Senior Data Scientist
Vibrant Emotional Health · United States · 2 mo ago
RemoteRemoteEngineering$100k–$132k/yrFull-time
About the role
The Senior Data Scientist plays a critical role in driving evidence-based decision-making across Vibrant’s programs and operations. They are responsible for designing, developing, validating, and deploying predictive models and analytical reports that support core business and programmatic objectives.
Responsibilities
- Design, develop, validate, and deploy predictive models and analytical reports that address core business and programmatic objectives.
- Ensure models and reports are explainable, well-documented, and accompanied by clear articulation of assumptions, opportunities, and limitations.
- Monitor deployed models for data drift, performance degradation, and quality issues; lead remediation efforts as needed.
- Translate complex analytical findings into accessible insights for program staff, leadership, and external partners.
- Champion data literacy across the organization—partnering with business users to build understanding of how models and reports inform Vibrant’s work.
- Develop and deliver training materials and workshops on data literacy, analytical thinking, and model interpretation.
- Collaborate with data engineers and analytics teams to ensure data pipelines and infrastructure meet modeling and reporting needs.
- Apply statistical and machine learning methods rigorously—selecting appropriate techniques, validating assumptions, and assessing uncertainty.
- Contribute to Vibrant’s data science infrastructure, including model registries, version control, and deployment pipelines on AWS.
- Support ad hoc analytical requests from program and operational teams.
Requirements
- Strong proficiency in Python and/or R for data analysis, modeling, and reporting; familiarity with relevant libraries (scikit-learn, pandas, tidyverse, etc.).

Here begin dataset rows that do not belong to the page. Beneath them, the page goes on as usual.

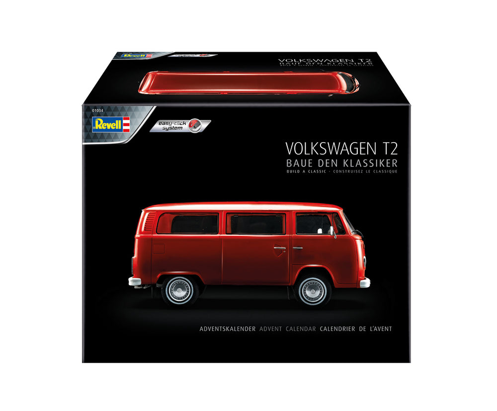 Revell Advent calendar VW T2 Bus 01034 will be backordered from our supplier. Delivery will take between 3-5 working days & orders will be despatched once completed.
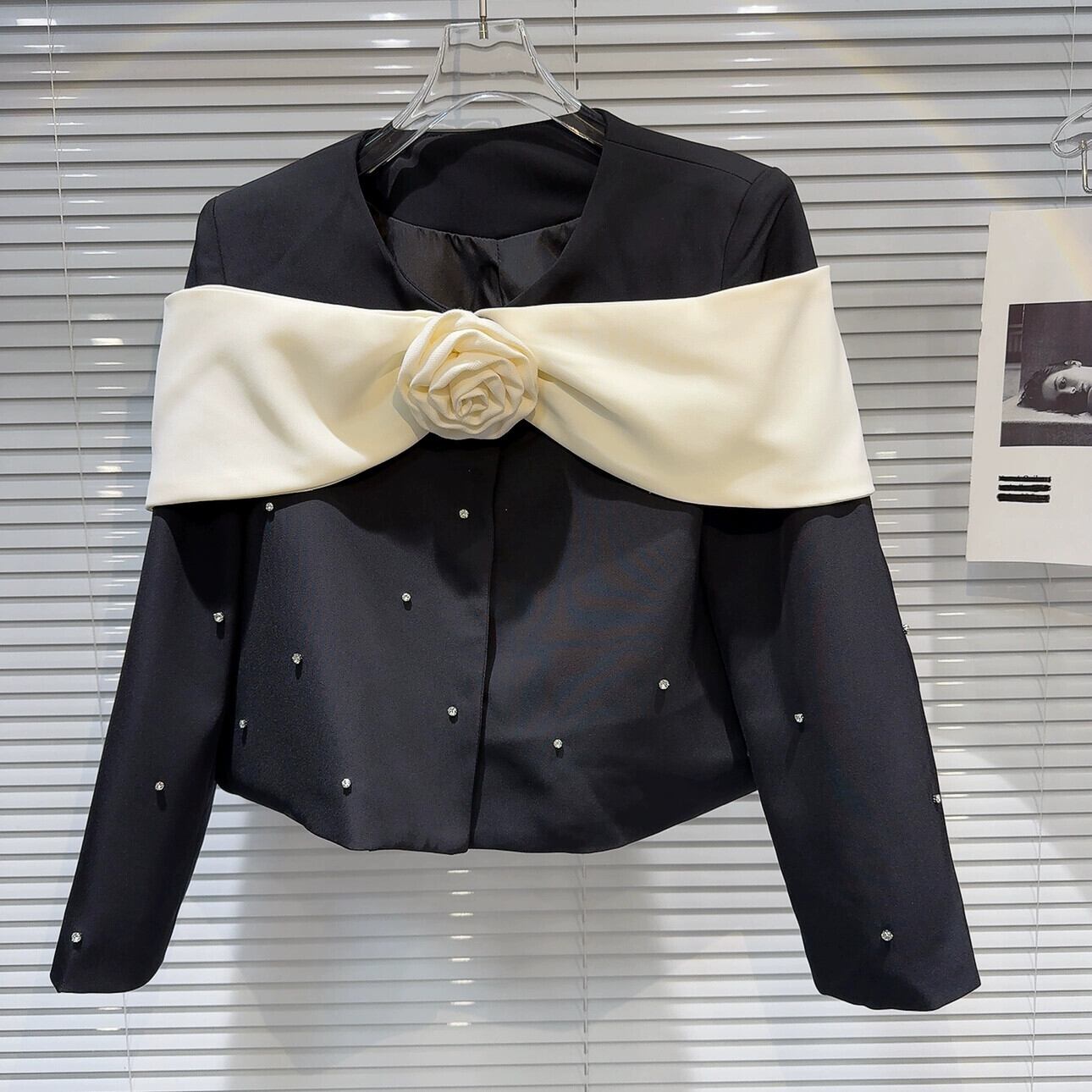 ネットセレブ同様2024春新スタイル小さな香り立体椿の花ストラップラインストーンビーズスーツショートジャケット スプリング 春物 フラワーデザイン gyan3366436600340 | vestitialla
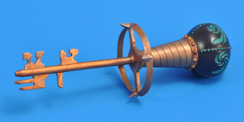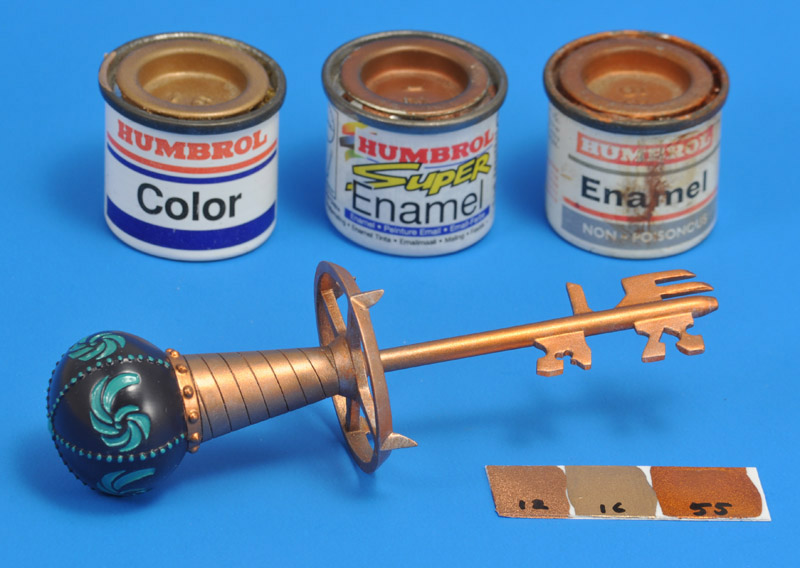"De rest van de sleutel was metaalkleurig, en dat heb ik gespoten met Humbrol 16 Gold, Humbrol 12 Copper en Humbrol 55 Brass, in een poging om wat kleurverschillen te maken. Het oudste blikje was uit ongeveer 1979, ik zat toen in de vijfde klas van de lagere school. Wonderbaarlijk hoe lang deze verf goed blijft! Als laatste heb ik gedrybrusht met Humbrol 55 Brass met Humbrol silver, gevolgd door washes met Vallejo donkergrijs en roodbruin. Toen had de sleutel een mooi verouderd en metaalachtig uiterlijk, en was de 'Skeleton Key' klaar."
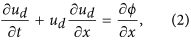 The spatial coordinate x, the time t, the velocity ud and the electrostatic potential ϕ are normalized by the Debye length λD = (Teff/4πZdnd0e2)1/2, the inverse of effective dust plasma frequency
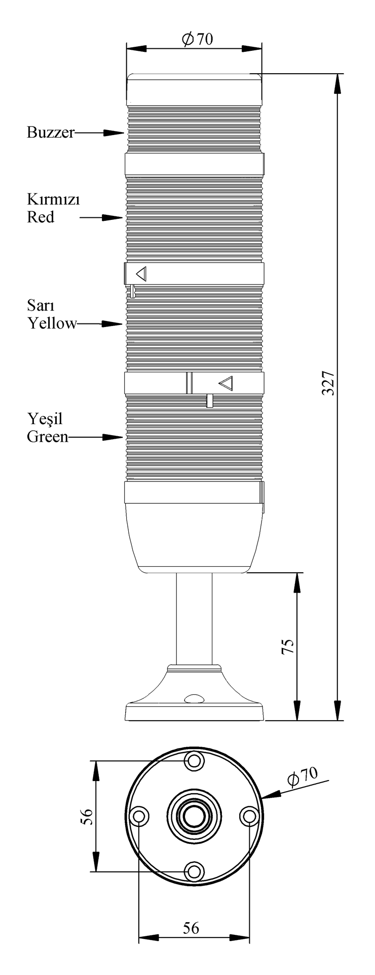 IK Serisi Dört Katlı 24V AC/DC Buzzerlı 100mm Borulu Plastik Ayaklı LED Kolon 70mm
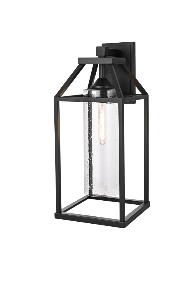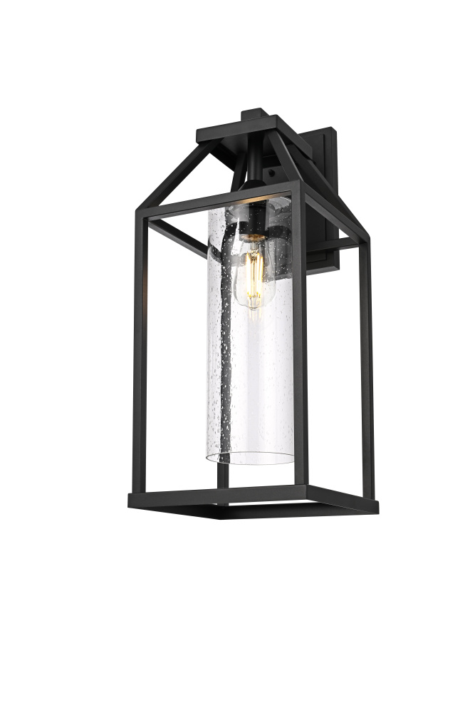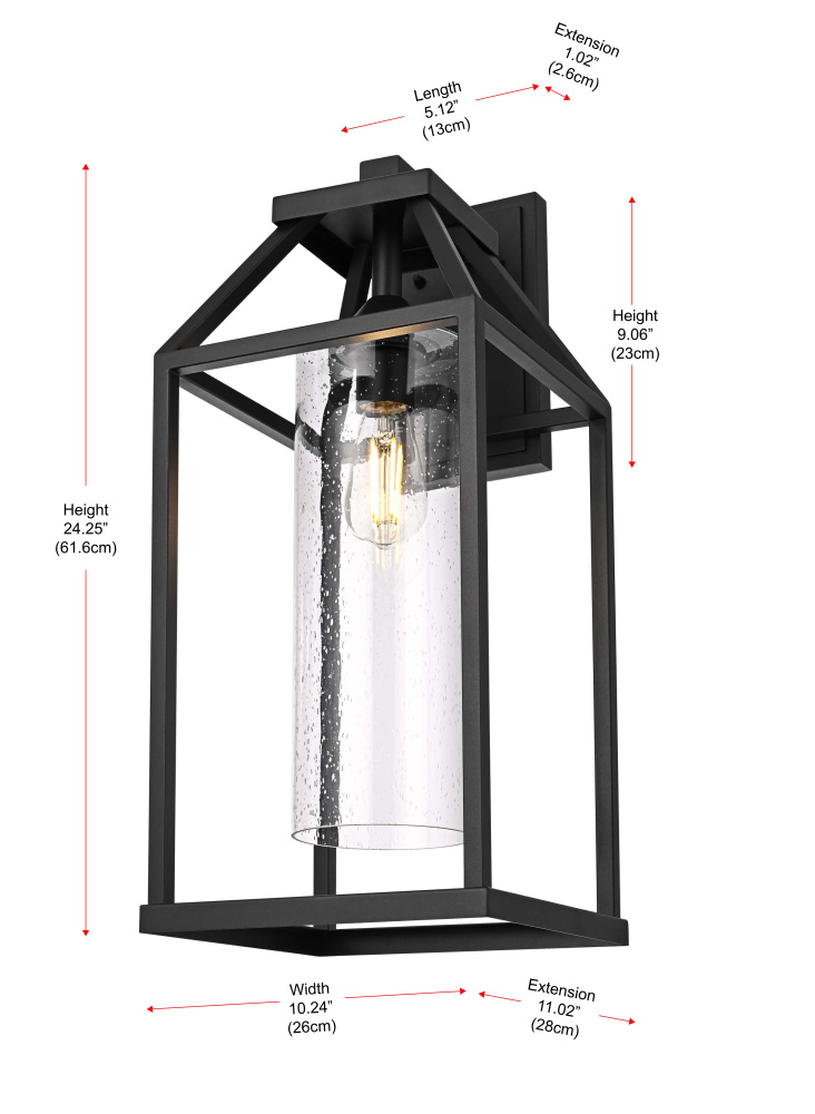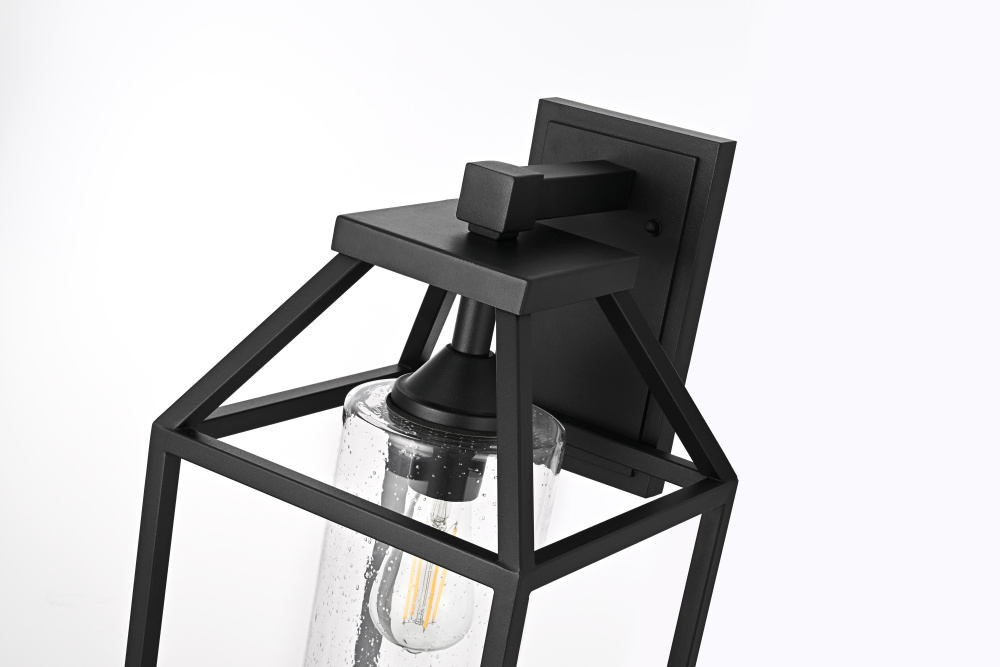 This outdoor wall light blends architectural structure with functional lighting, featuring a geometric open-frame design and a peaked top that gives it a bold, defined look. The clear seedy glass cylinder at the center allows the light to shine through while adding subtle texture and depth. Crafted from iron and aluminum, the durable black-finished frame ensures long-term performance in outdoor conditions and is ETL Wet Rated for reliability in entryways, patios, and garage exteriors. Available in 14-inch, 19-inch, and 24-inch heights, this fixture offers versatility to complement different outdoor spaces. The dimmable function allows for adjustable brightness when paired with a compatible dimmer, while the E26 medium-base socket (bulb not included) provides flexibility for different bulb styles. Pre-wired with a 7-inch lead, this wall light is a strong and stylish choice for enhancing outdoor spaces. Built with marine-grade, corrosion-resistant aluminum, this sconce withstands coastal conditions for long-lasting durability.
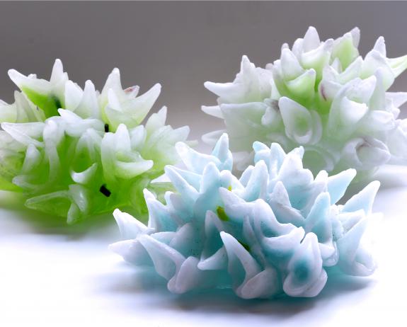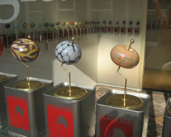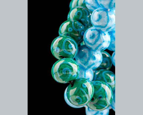 So also these small planetoids, made of flame worked soda lime glass, are as colourful as the originals.
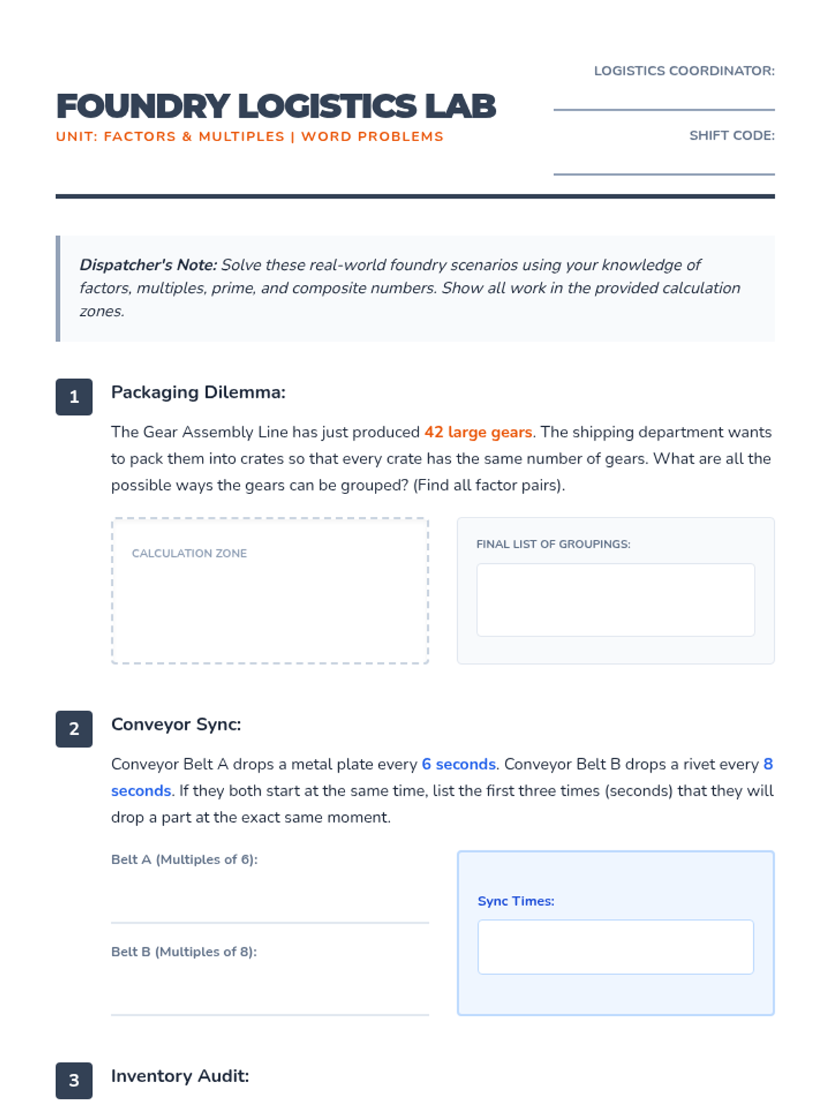 A collection of industrial-themed word problems applying factors, multiples, and prime/composite number concepts to foundry logistics and scheduling.
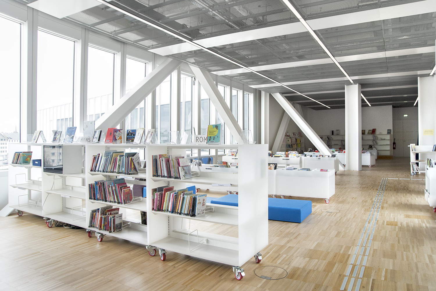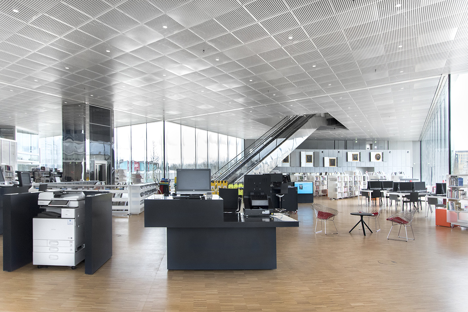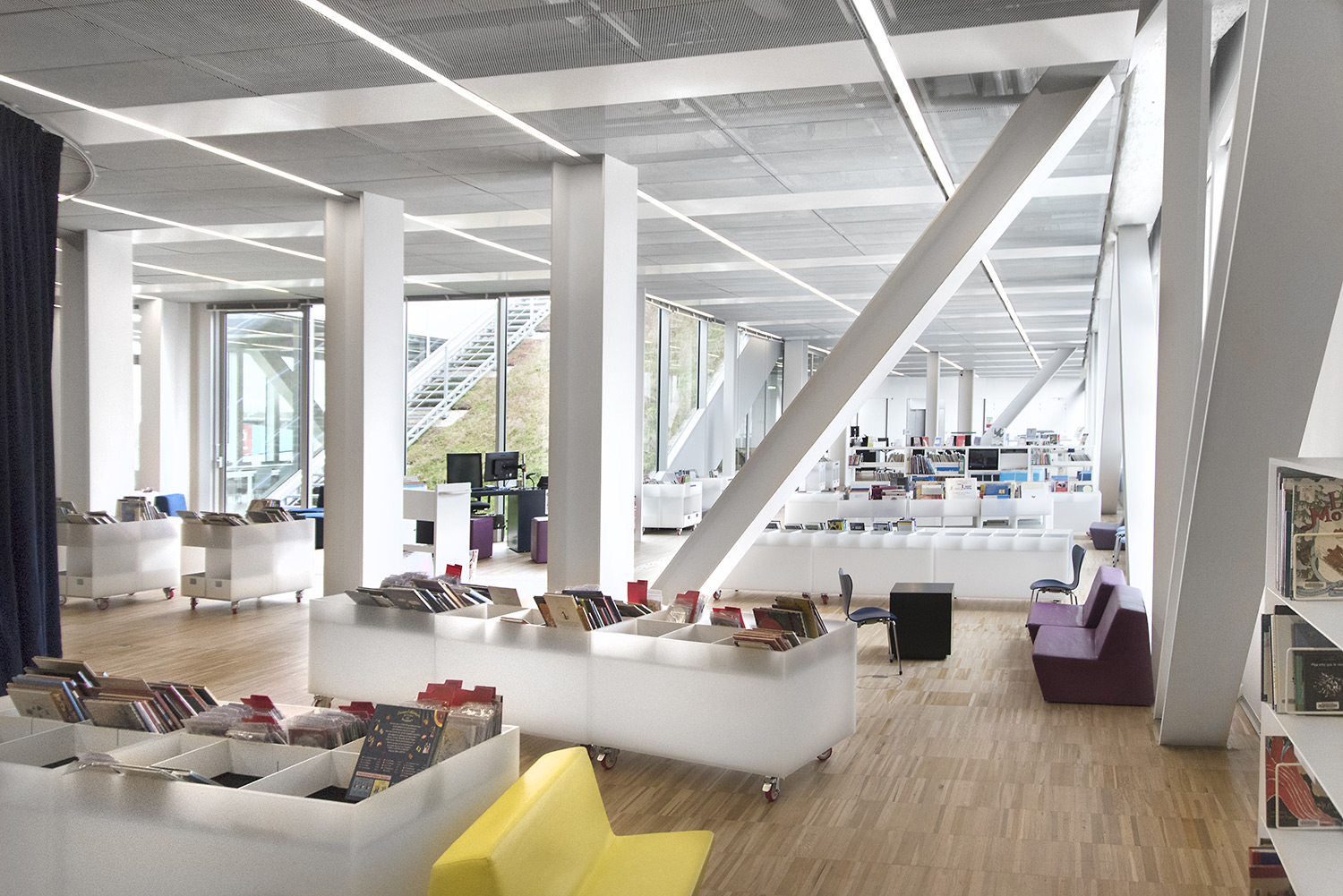 In the shape of a cross, the library houses 4 sections: arts in the east wing, social sciences in the south, literature in the west and sciences and technical sciences in the north. It will also offer new services, in particular an auditorium, exhibition areas, a cafe/restaurant and much more.

- Hands-on experience with AWS data science services, including SageMaker for model training and deployment.
- Advanced statistical knowledge—including regression, classification, clustering, causal inference, and experimental design.
- Experience working with large, complex datasets in cloud-based data warehouse environments (Redshift, Snowflake, or similar).
- Excellent written and verbal communication skills—able to present findings clearly to technical and non-technical audiences alike.
- Strong analytical curiosity, attention to detail, and ability to work independently on ambiguous problems.
- High level of influencing ability.
Qualifications
- Bachelor’s or Master’s degree in a quantitative discipline (statistics, computer science, epidemiology, public health, applied mathematics, or related field), or equivalent applied experience.
- 4+ years of applied data science experience, including AI/ML model development and code-based analysis and reporting.
- Experience in public health, behavioral health, social services, or a mission-driven organization a strong plus.
- Prior experience as a team lead or similar helpful.
- Familiarity with equity-centered data practices and considerations for algorithmic fairness a plus.